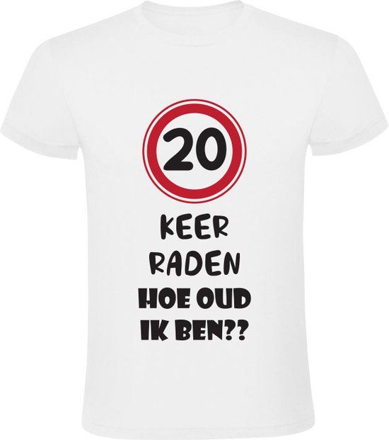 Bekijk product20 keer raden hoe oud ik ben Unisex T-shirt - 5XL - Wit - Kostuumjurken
————
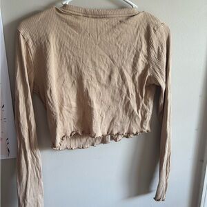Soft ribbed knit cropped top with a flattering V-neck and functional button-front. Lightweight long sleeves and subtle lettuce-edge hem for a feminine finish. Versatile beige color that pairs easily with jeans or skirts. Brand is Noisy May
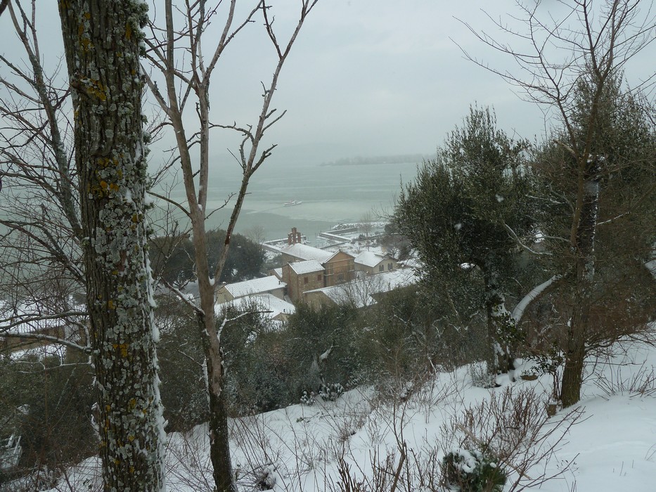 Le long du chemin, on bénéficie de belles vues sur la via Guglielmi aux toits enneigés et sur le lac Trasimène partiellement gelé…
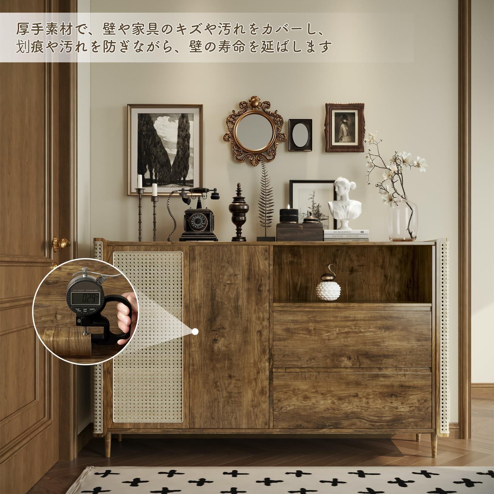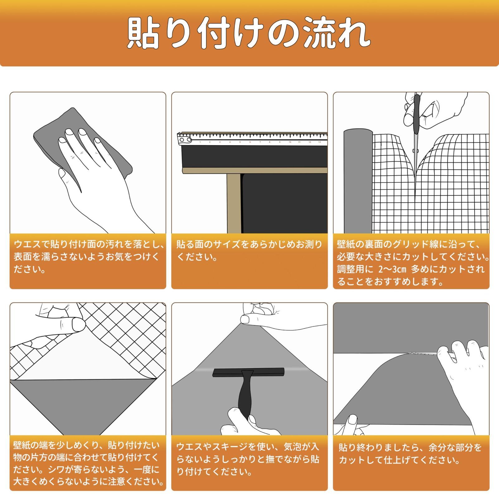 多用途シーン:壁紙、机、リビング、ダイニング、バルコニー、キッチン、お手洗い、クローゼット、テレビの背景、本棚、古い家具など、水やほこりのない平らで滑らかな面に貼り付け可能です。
————
Work instructions
Copy only the lines above from the one containing "Le long du chemin, on" through the one containing "多用途シーン:壁紙、机、リビ", both included. Leave out the pictures.

Task output
 Le long du chemin, on bénéficie de belles vues sur la via Guglielmi aux toits enneigés et sur le lac Trasimène partiellement gelé…
 多用途シーン:壁紙、机、リビング、ダイニング、バルコニー、キッチン、お手洗い、クローゼット、テレビの背景、本棚、古い家具など、水やほこりのない平らで滑らかな面に貼り付け可能です。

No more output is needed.